The records

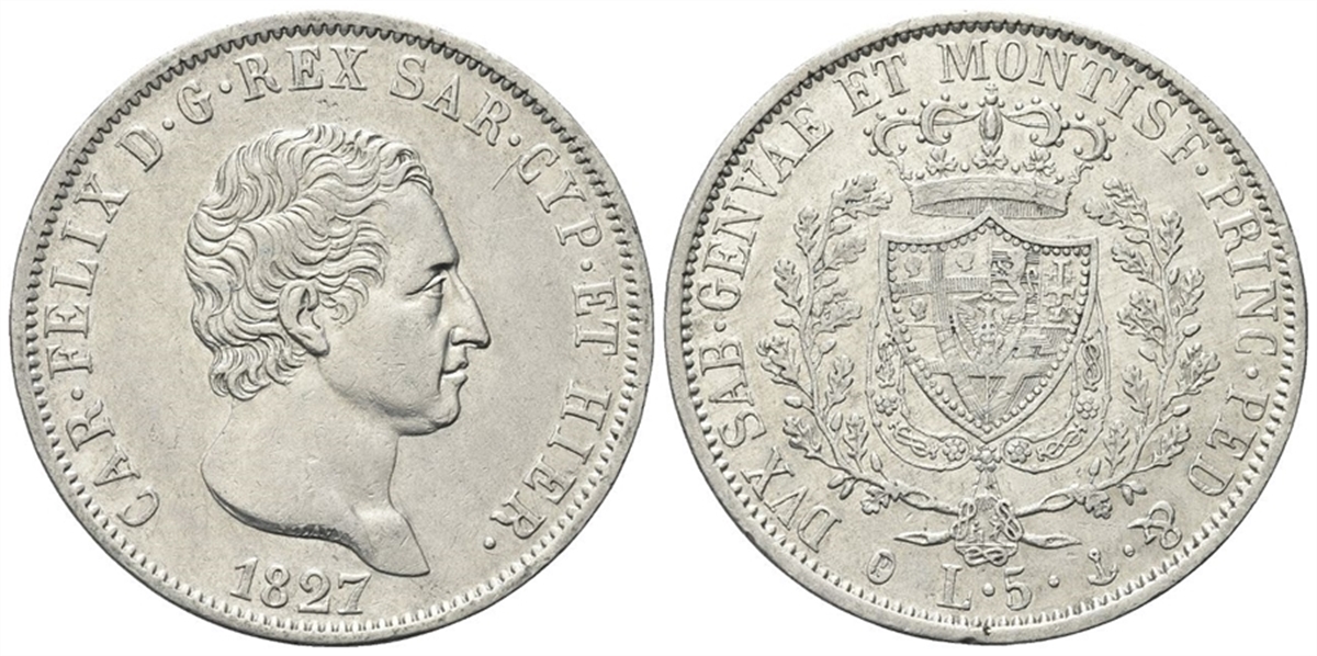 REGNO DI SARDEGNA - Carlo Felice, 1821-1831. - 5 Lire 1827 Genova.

--

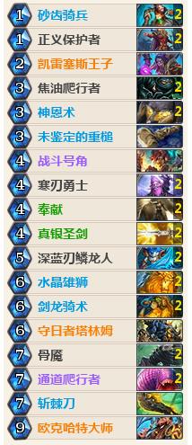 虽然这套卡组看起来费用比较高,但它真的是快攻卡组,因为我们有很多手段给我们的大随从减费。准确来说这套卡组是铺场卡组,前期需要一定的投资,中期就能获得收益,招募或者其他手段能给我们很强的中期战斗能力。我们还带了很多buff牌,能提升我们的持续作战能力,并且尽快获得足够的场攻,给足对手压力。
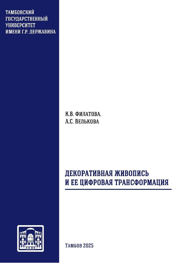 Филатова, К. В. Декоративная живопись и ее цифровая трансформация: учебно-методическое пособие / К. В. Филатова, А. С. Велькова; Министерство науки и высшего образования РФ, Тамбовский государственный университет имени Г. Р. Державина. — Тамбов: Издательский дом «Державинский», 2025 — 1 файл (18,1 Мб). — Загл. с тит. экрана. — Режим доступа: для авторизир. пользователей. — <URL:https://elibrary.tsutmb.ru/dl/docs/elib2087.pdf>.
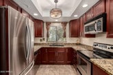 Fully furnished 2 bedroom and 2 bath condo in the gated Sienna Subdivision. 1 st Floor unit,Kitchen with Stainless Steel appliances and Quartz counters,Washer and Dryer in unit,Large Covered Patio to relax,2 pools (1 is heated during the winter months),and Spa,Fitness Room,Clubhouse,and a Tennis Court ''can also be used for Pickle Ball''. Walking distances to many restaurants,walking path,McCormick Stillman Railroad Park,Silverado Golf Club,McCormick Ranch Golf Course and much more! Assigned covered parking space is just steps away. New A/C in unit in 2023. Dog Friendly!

...

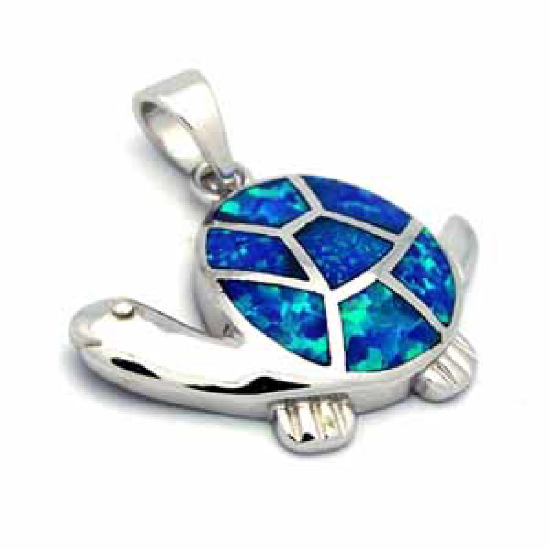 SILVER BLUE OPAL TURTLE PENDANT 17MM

Problem
Exact copy, pictures excluded: every line above from the one containing "虽然这套卡组看起来费用比较高" to the one containing "Fully furnished 2", inclusive, and nothing more.

Written response
 虽然这套卡组看起来费用比较高,但它真的是快攻卡组,因为我们有很多手段给我们的大随从减费。准确来说这套卡组是铺场卡组,前期需要一定的投资,中期就能获得收益,招募或者其他手段能给我们很强的中期战斗能力。我们还带了很多buff牌,能提升我们的持续作战能力,并且尽快获得足够的场攻,给足对手压力。
 Филатова, К. В. Декоративная живопись и ее цифровая трансформация: учебно-методическое пособие / К. В. Филатова, А. С. Велькова; Министерство науки и высшего образования РФ, Тамбовский государственный университет имени Г. Р. Державина. — Тамбов: Издательский дом «Державинский», 2025 — 1 файл (18,1 Мб). — Загл. с тит. экрана. — Режим доступа: для авторизир. пользователей. — <URL:https://elibrary.tsutmb.ru/dl/docs/elib2087.pdf>.
 Fully furnished 2 bedroom and 2 bath condo in the gated Sienna Subdivision. 1 st Floor unit,Kitchen with Stainless Steel appliances and Quartz counters,Washer and Dryer in unit,Large Covered Patio to relax,2 pools (1 is heated during the winter months),and Spa,Fitness Room,Clubhouse,and a Tennis Court ''can also be used for Pickle Ball''. Walking distances to many restaurants,walking path,McCormick Stillman Railroad Park,Silverado Golf Club,McCormick Ranch Golf Course and much more! Assigned covered parking space is just steps away. New A/C in unit in 2023. Dog Friendly!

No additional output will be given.